Escalon Medical (Wayne, Pennsylvania) reported that the board of Drew Scientific Group (London) has recommended that its shareholders accept Escalon's revised exchange offer. Under the previously announced revised proposal, Escalon is offering 900,000 shares of its common stock in exchange for all the ordinary shares of Drew Scientific Group. Escalon reported in April its intention to offer 0.0048 shares of Escalon common stock in exchange for each ordinary share of Drew Scientific validly tendered. Drew is to operate as a separate Escalon division. Drew Scientific develops instrumentation and consumables for the diagnosis and monitoring of medical disorders in the areas of diabetes, cardiovascular diseases and hematology, as well as veterinary hematology and blood chemistry.

Millenium Holding Group (Henderson, Nevada) has entered into an agreement to merge with Sutura (Fountain Valley, California), a company that develops minimally invasive vessel closure devices to suture the puncture created in the femoral artery during catheter-based procedures, primarily in the fields of cardiology and radiology. Terms of the deal were not disclosed. Millenium said the merger would position the combined company to launch Sutura's products in the U.S. medical device market and expand Sutura's existing presence in Europe. Anthony Nobles, president and chief executive officer of Sutura, said the merger with Millenium would raise Sutura's profile in the U.S. medical device industry and allow for further strategic positioning.

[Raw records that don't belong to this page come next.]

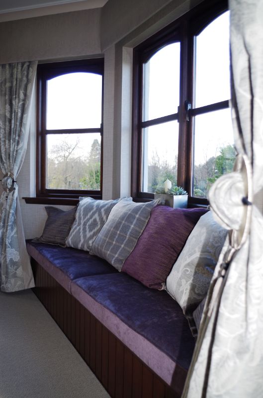 On the request of the clients Rona Douglas Interiors have created a luxuriously restful scheme using a muted palette of greys and taupes with accents of mauves and aubergine. The finished scheme is a light filled, sumptuous space in which to relax and entertain.
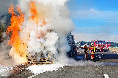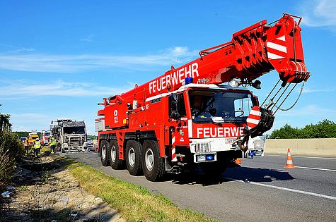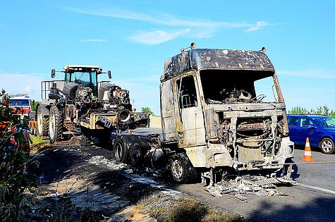 Kraneinsatz nach LKW Brand auf der A21
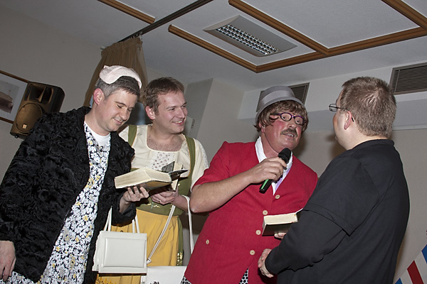 Eine Uraufführung hatte der neue „Pfarri“ (Benedikt Wolf) der den Besuchern und Interessierten der Pfarrei mit Rat und Tat zur Hilfe steht. Dies konnten Mirjam und Markus Wolf sowie Siggi Lohs in den unterschiedlichsten Anfragen hautnah erleben.. Gelungen wieder der flotte Tanz der Häschengarde und anschließend sorgte eine lustige Gruppe vom Frauenbund mit dem Stück „Aschenputtel“ für einen tollen Auftritt. Die Mimik, das geniale Outfit und die unterschiedlichen Rollen kamen bestens an.
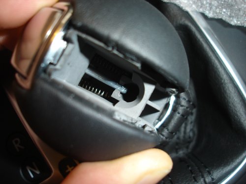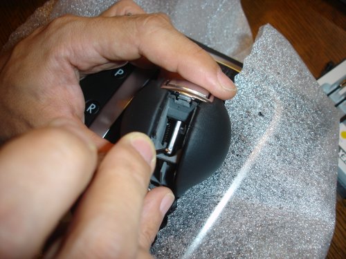 これで、ノブは元に戻りましたので、車輌への取り付けはこのノブをシフトレバーのシャフトに挿すだけでOKです。念のため、ノブ上部のメッキカバーは閉めないままにしておき、車輌に装着完了してから、最後に閉めてください。あぁ、肝心のシフトノブの取り外し/取り付け方法を説明していませんね。取り外し取り付けは、ずっと簡単です。それは、また今度(爆)。
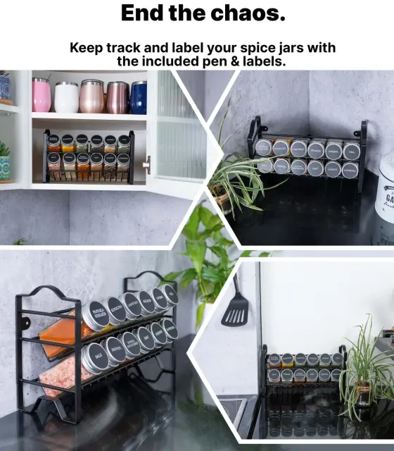 Ne glede na to, ali pri svoji kuhi uporabljate le nekaj svojih najljubših začimb, ali pa radi mešate in kombinirate različne vrste začimb, boste tu našli rešitev zase! Vse svoje začimbe shranite v 12 ločenih kozarčkov. S tem dvonivojskim stojalom za organizacijo lahko začimbe razporedite po želji. Kozarčki so izdelani iz prozornega stekla, zato vam ni treba ugibati, kaj je v njih, niti preverjati, ali vam jih je morda že zmanjkalo.
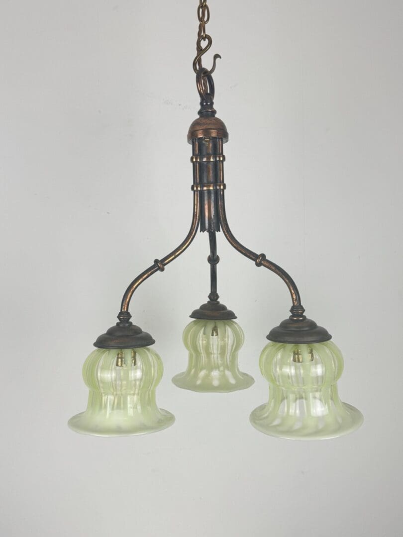 Three Arm Art Nouveau ChandelierCut Glass Shades (91082) RESERVED
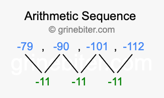 So, what type of sequence is -79, -90, -101, -112? The sequence -79, -90, -101, -112 has a common difference of -11 between each term. We call this kind of sequence an arithmetic sequence. Below is an image illustrating the correlation between the arithmetic sequence -79, -90, -101, -112 and its common difference of -11.
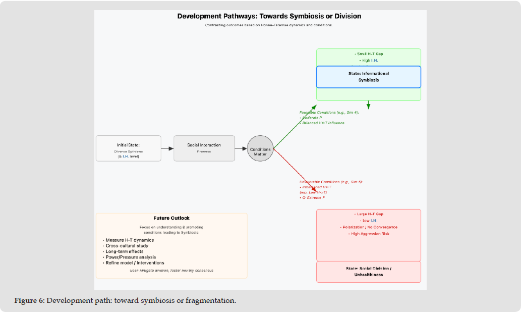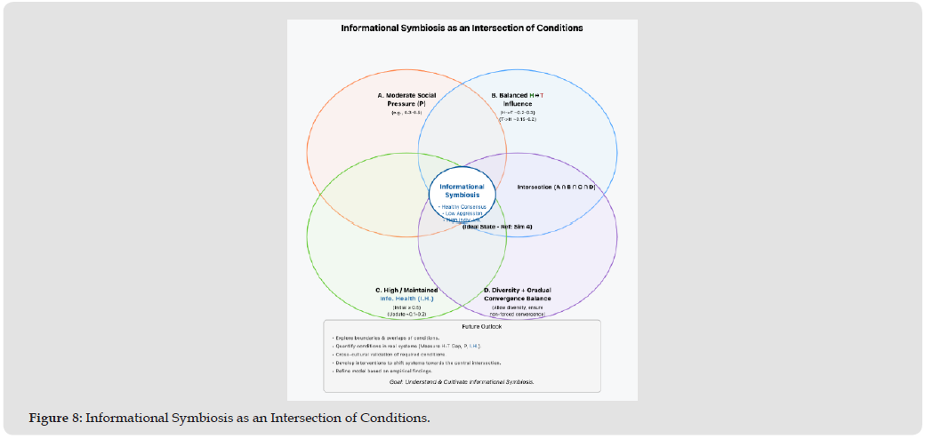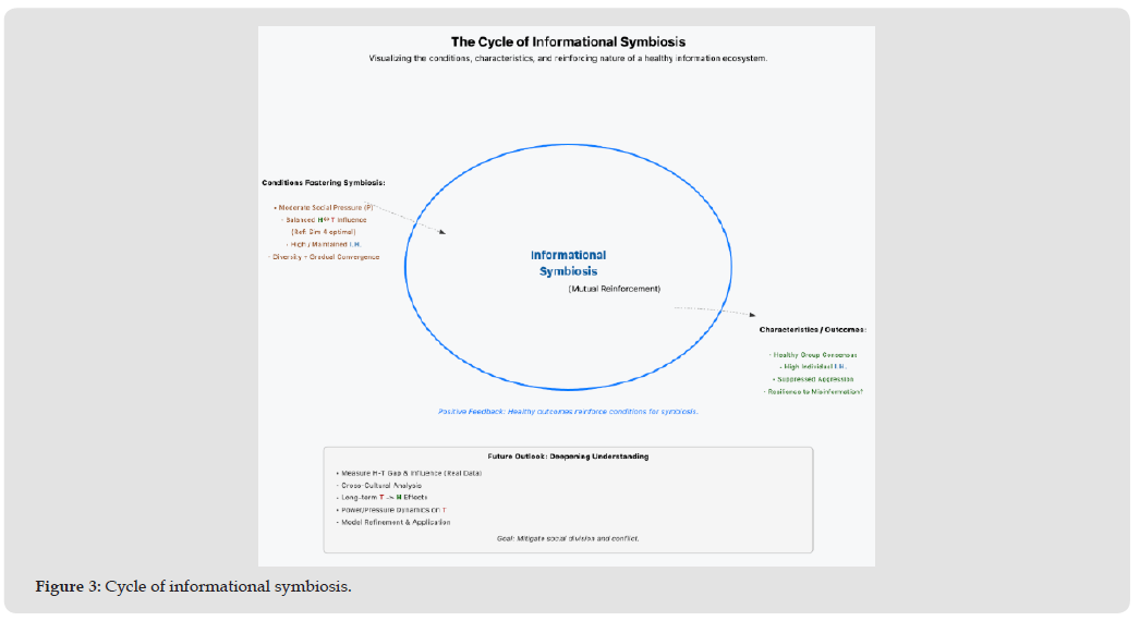 Path to Informational Symbiosis: When integrating the simulation results, the possibility of a new social practice that could be called “Informational Symbiosis” emerges, based on informational health. This refers to a state where individual informational health and healthy group consensus formation mutually support and strengthen each other (Figure 9).
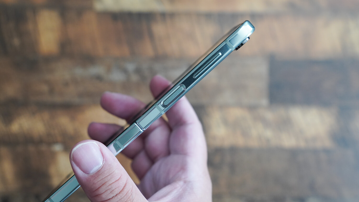 初めてGalaxy Z Flipを購入しましたが構造上仕方ないとはいえ物理ボタンが本体上部に集中。そのため他の機種と比較すると特に音量ボタンの位置がちょっと高いかなという印象です。
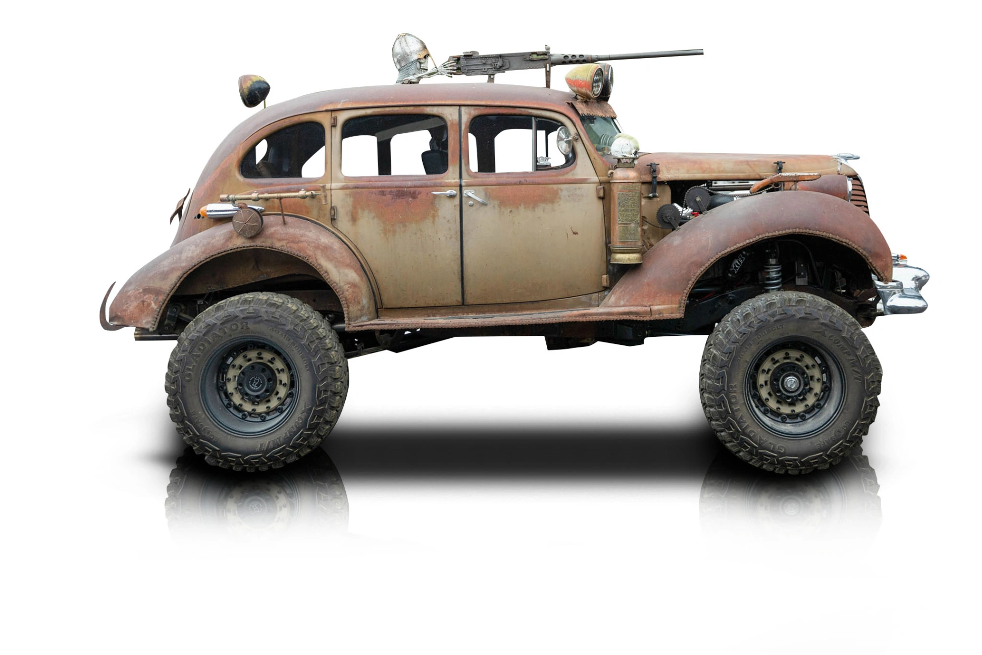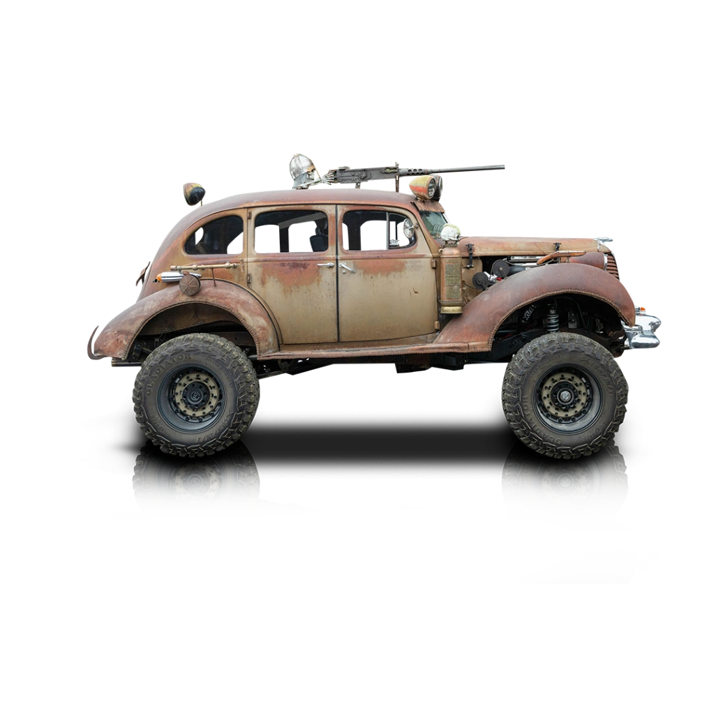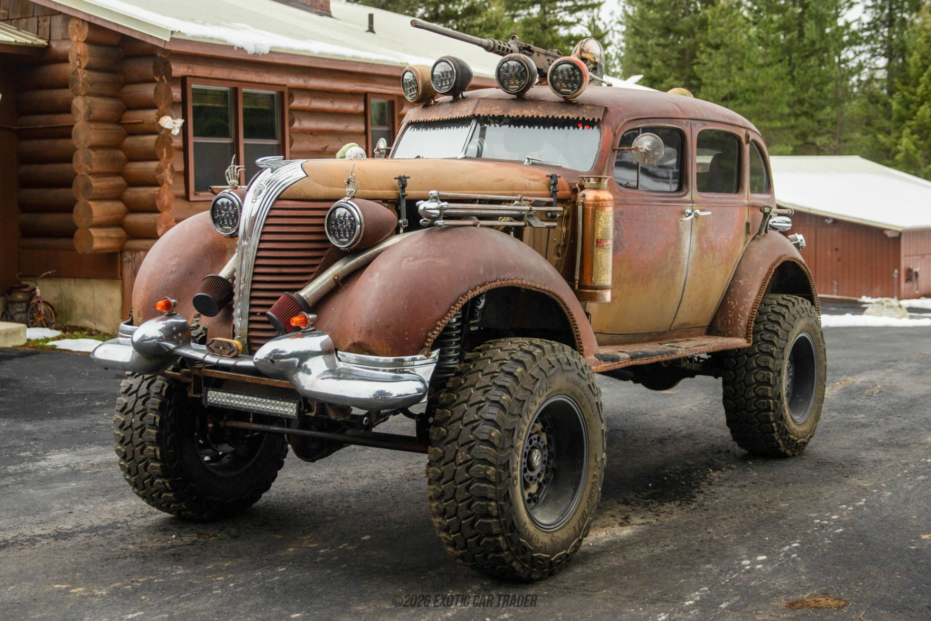 Wearing its original patina-finished steel body, this Hudson Terraplane showcases authentic surface wear that tells a story rather than hiding it. The brown patina finish, combined with exposed hardware and custom details, reinforces the vehicle’s industrial, utilitarian aesthetic. Roof-mounted auxiliary LED lights and custom hood-mounted intake plumbing add both function and visual drama, while the lifted stance on 20-inch beadlock-style wheels and massive 40-inch Gladiator X Comp M/T tires gives the car a commanding, almost post-apocalyptic presence. Inside, the reupholstered black leather interior blends ruggedness with comfort. The cabin features a minimalist, functional layout with aftermarket gauges, a prominent tachometer, and a purposeful driving position. Heat is present for cold-weather use, while the absence of air conditioning stays true to the stripped-down rat rod ethos.
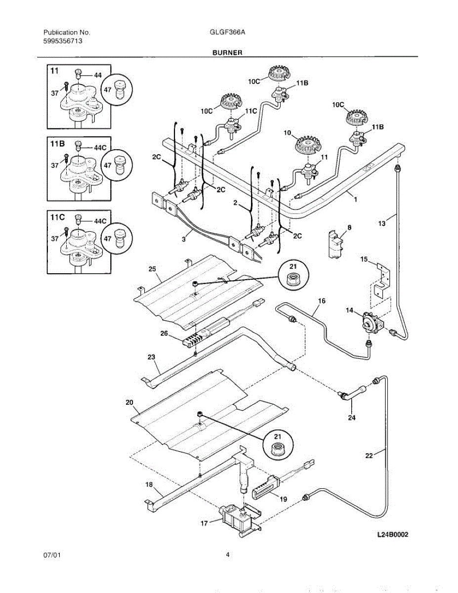 Igniter and orifice assembly for gas range burners. Includes igniter, orifice, and gas tube. Replace if cracked, broken, or when burner sparks incorrectly.
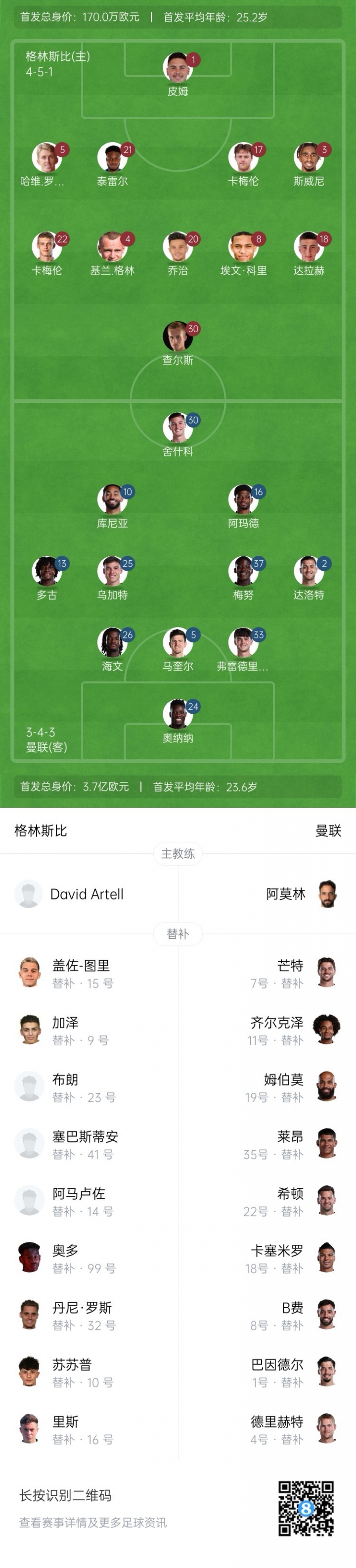 曼联首发11东说念主身价达3.7亿欧,敌手格林斯比11东说念主总价170万欧。
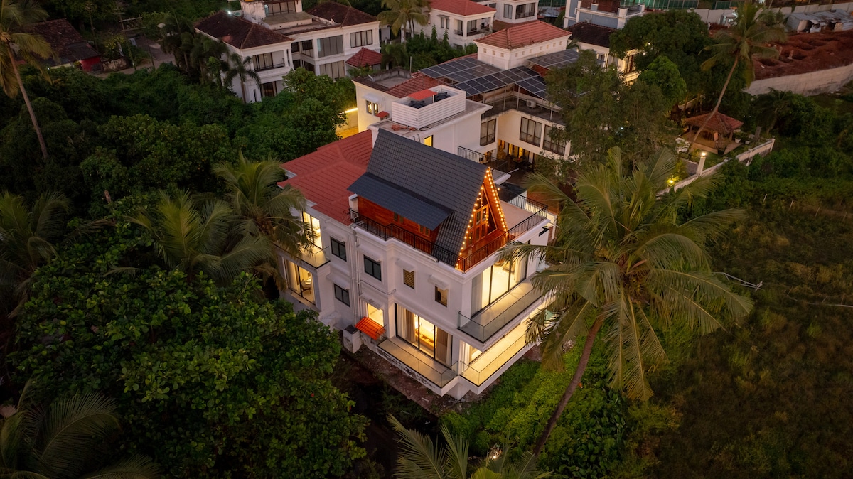 Ubicada en Cavelossim, esta es una villa de aire acondicionado de 2 BHK. También contamos con piscina. La habitación tiene aire acondicionado con camas cómodas en ambas habitaciones. Hay una cocina para hacer té o café y una nevera para guardar tus bebidas. Para tu entretenimiento, tenemos un televisor en la villa. El baño viene con agua corriente fría o caliente. Si tienes alguna duda, envíame un mensaje a través del botón "Contacta al anfitrión" antes de reservar.
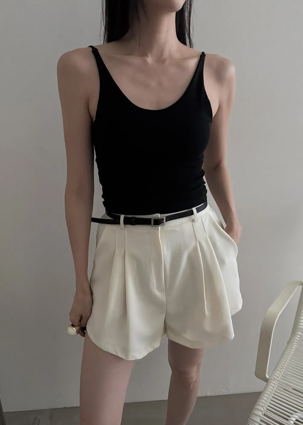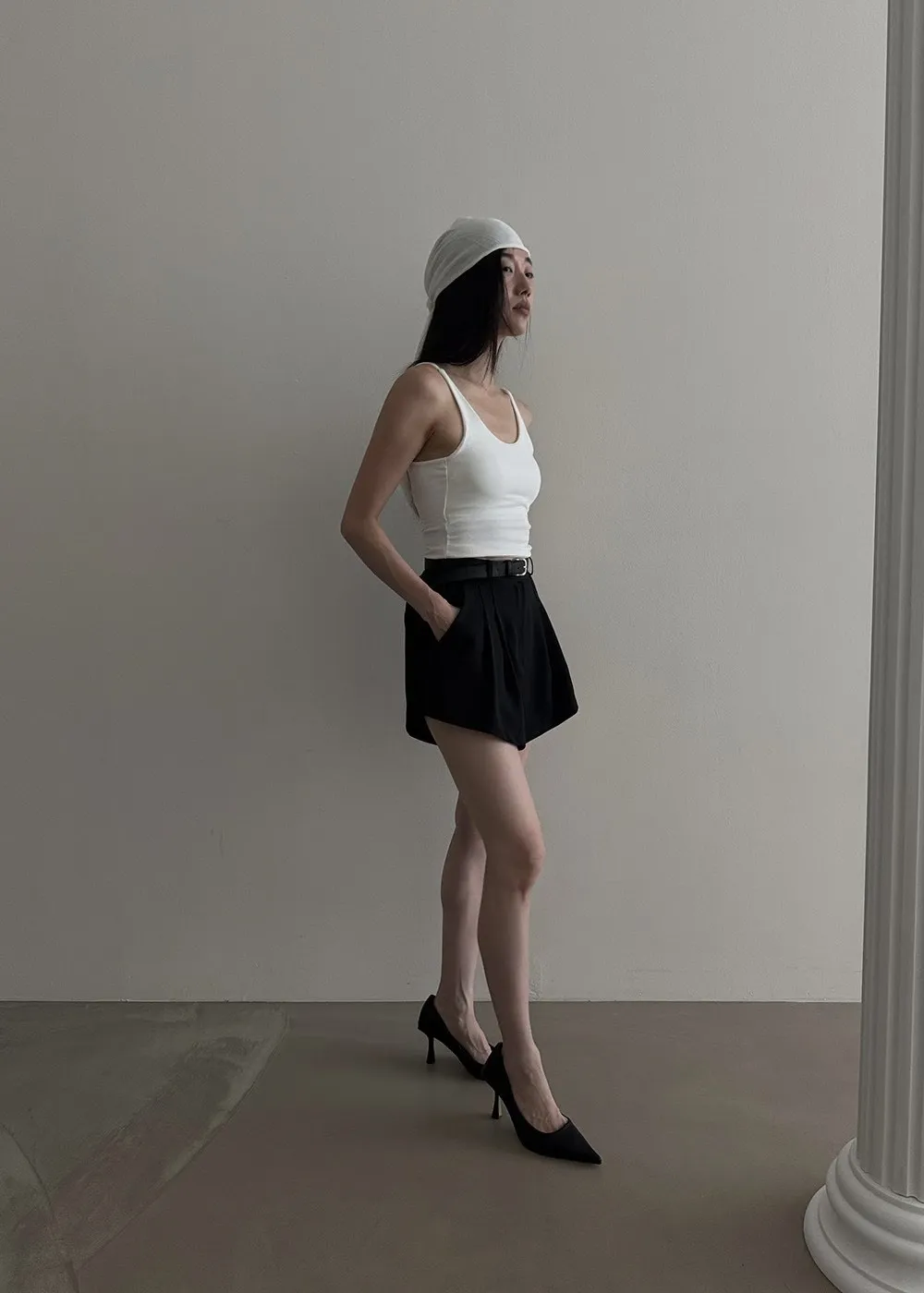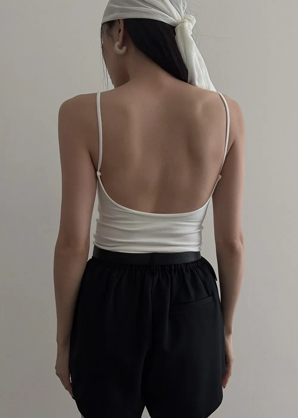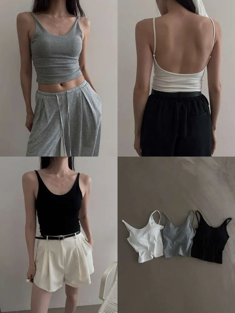 經典黑、灰、白三色,隨心混搭各種造型,細肩設計展現鎖骨線條。重點挖背設計展露小性感。

Sports Information and Publishing (SIPC; Littleton, Colorado) said it has agreed to acquire all of the outstanding shares of Hall Effect Medical Products (Manchester, UK), the owner of two UK-based companies, which are developing a group of medical diagnostic products for personal and professional use. The value of the deal was not disclosed. Hall's products are based on technology that utilizes the Hall Effect, discovered more than 100 years ago, Hall said, which its scientists now developing various applications. The agreement provides for the acquisition of Hall in exchange for the issuance of calls 34,343,662 common shares of Sports Information. Upon satisfactory completion of various conditions, the acquisition is set to be closed within 60 days, and the company will become In Vivo Medical Diagnostics. Hall consists of two UK-based, wholly-owned subsidiaries, Hall Effect Technologies and Jopejo. Hall Effect Technologies is in the final stage of its first medical device development for the cardiovascular market. Other medical conditions being addressed include diabetes and other conditions where imaging is required.